İŞTE SÜRMEN’İN O YAZISI

Bazen kendimi iyi tanıyorum diye düşünüyorum. İnancım, vatanım, Trabzon’um ve milletimin yükselmesi dışında hiçbir amacım yok.
Bu uğurda istihdam yaratmak ve bu şehre dolayısıyla da iktidarıma, memleketime katkı koymayı sağlamak suç ise ben bu suçu fazlasıyla işliyorum.
İçimdeki girişimcilik ruhunun önüne geçemiyorum.
Bu yolda da altını çizerek diyorum Türkiye’de devletin yasalarına uygun iş gücü yaratmak için elimden geldiğince çaba harcıyorum, ama her şeyi dört dörtlük mü yapıyorum derseniz, tabi ki hayır.
30 yıl önceki dostlarımı, öğretmenlerimi, mahalle arkadaşlarımı görüyorum “seninle gurur duyuyoruz” diyorlar ve ekliyorlar “biz senin daha iyi yerlerde olmanı bekliyoruz, bunu fazlasıyla hak ediyorsun” bazen çok haklılar diyorum şayet bu azmimi, bu enerjimi, bu özverimi ve bu zekâmı başka şehirlerde harcasam şimdi Trabzon’a geldiğimde krallar gibi karşılanır, büyük adam olurdum.
Şimdi ise başarısı çekilemeyen, hiçbir şey üretmeyen insanlar tarafından işletmelerinin sekteye uğratılması için çaba harcanan, asılsız ihbarlarla karayollarından-polisine, çalışma müdürlüğünden-sağlık müdürlüğüne kadar şikayet edilen, şikayet eden bu şehre hiçbir katkısı olmayan insanlar haklıymış gibi muamele gören horlanan, suçlu insan konumuna giren olmaktan bıktım.

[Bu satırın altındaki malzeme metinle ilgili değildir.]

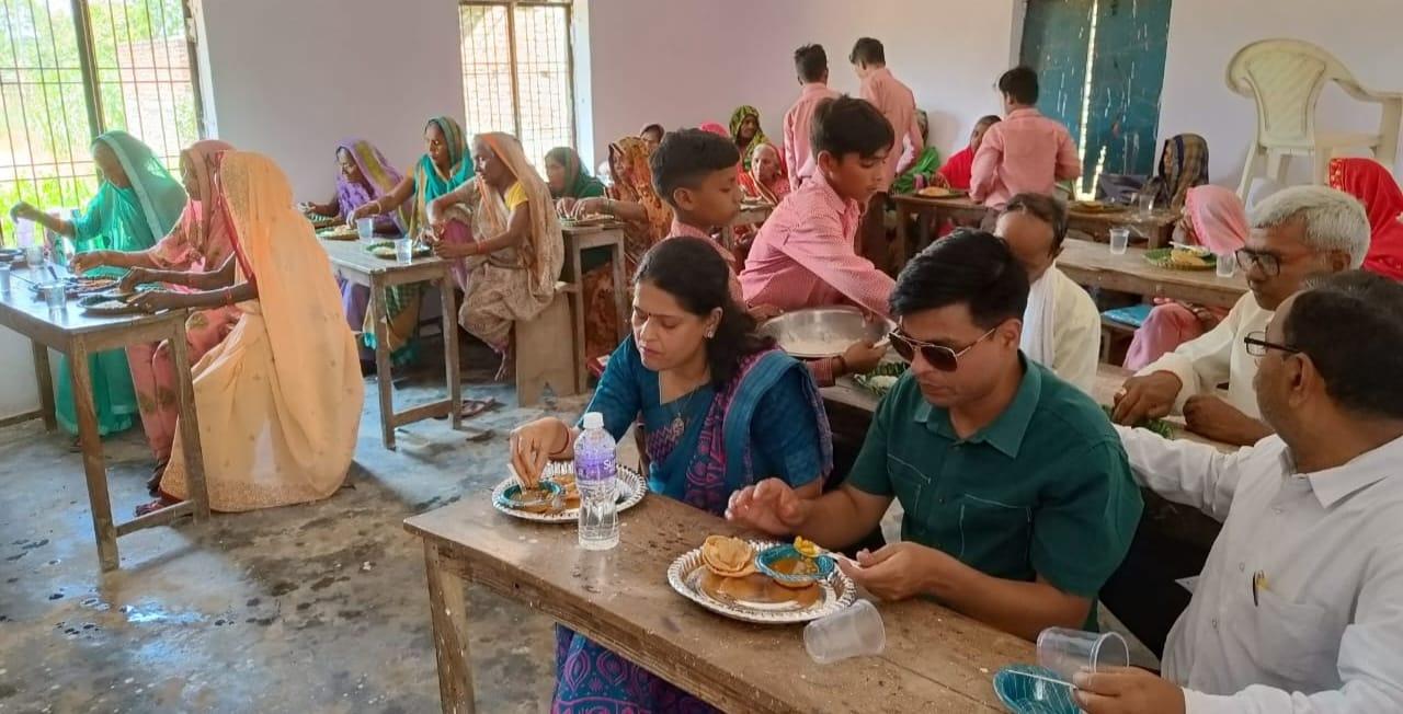 मानवता जिंदाबाद : डॉ0 आलोक त्रिपाठी व श्रीमती शिप्रा त्रिपाठी के वैवाहिक वर्षगांठ पर माताओं को साड़ी भेंट कर सहभोज किया गया।

İnanamıyorum ve inanmakta güçlük çekiyorum ben yaklaşık Beşikdüzü organize sanayisinin toplam çalışanı kadar işçi istihdam ediyorum.
Devlet her türlü teşviği oralara sağlıyor. Yalnış anlaşılmasın sakın ben hiçbir şey istemiyorum devletten, sadece bir şey hariç, bana çocuğu gibi sevgi dolu muamele yapsın.
Eline devletin kılıcını alanlar, birkaç çapulcunun tetikçiliğini yaparken, devletin imkanları ile benim ve benim gibi bu şehre hizmet eden insanlara nankörlük etmesinler.
Kanun ve yönetmelikler esnetilebildikleri mühletçe istihdam yaratan insanların lehine kullanılmalıdır.
Bugün İstanbul, Ankara, İzmir, Antalya vs. bir sürü şehri geziyoruz.
Bu şehirlerde istenilen özellikleri asla sağlamayan işyerleri istihdama yönelik korunup kollanıyor.
Bizler ise istenilen bütün özellikleri sağlarken denetçi devlet memurlarının keyfiyetine kaldığımız kısımlarda, adam öldürmüş gibi hor görülüp cezalandırılıyoruz.
Sıkıntılarımızı amirlerine aktardığımızda, aynı memurlar “amirimiz talimat verdi tutanak tutmaya geldik” diyebilecek kadar, medeni cesareti olan insanlar.
Helal olsun onlara ama, nasıl olsa devlet babanın kucağına oturmuş ay sonu geldiğinde salla başı al maaşı demesinler diye Ayhan Sürmen’e nasıl ge..dim demenin gururunu yaşamaya çalışıyorlar.
Suç onlarda değil ki onlara göz yumanlarda.
Sayın Valim az kaldı artık boğazıma kadar geldi, ya beni suçlu diye afişe edin, suçumu boğazıma yazıp bu şehirden kovun, ya da ben her şeyimi satıp, bu şehirde birçok insanın yaptığı gibi hiçbir istihdam sağlamadan, hiçbir vergi vermeden faizcilik yapacağım.
Umarım dertlerimi dinleyecek bir devlet yetkilisi çıkar.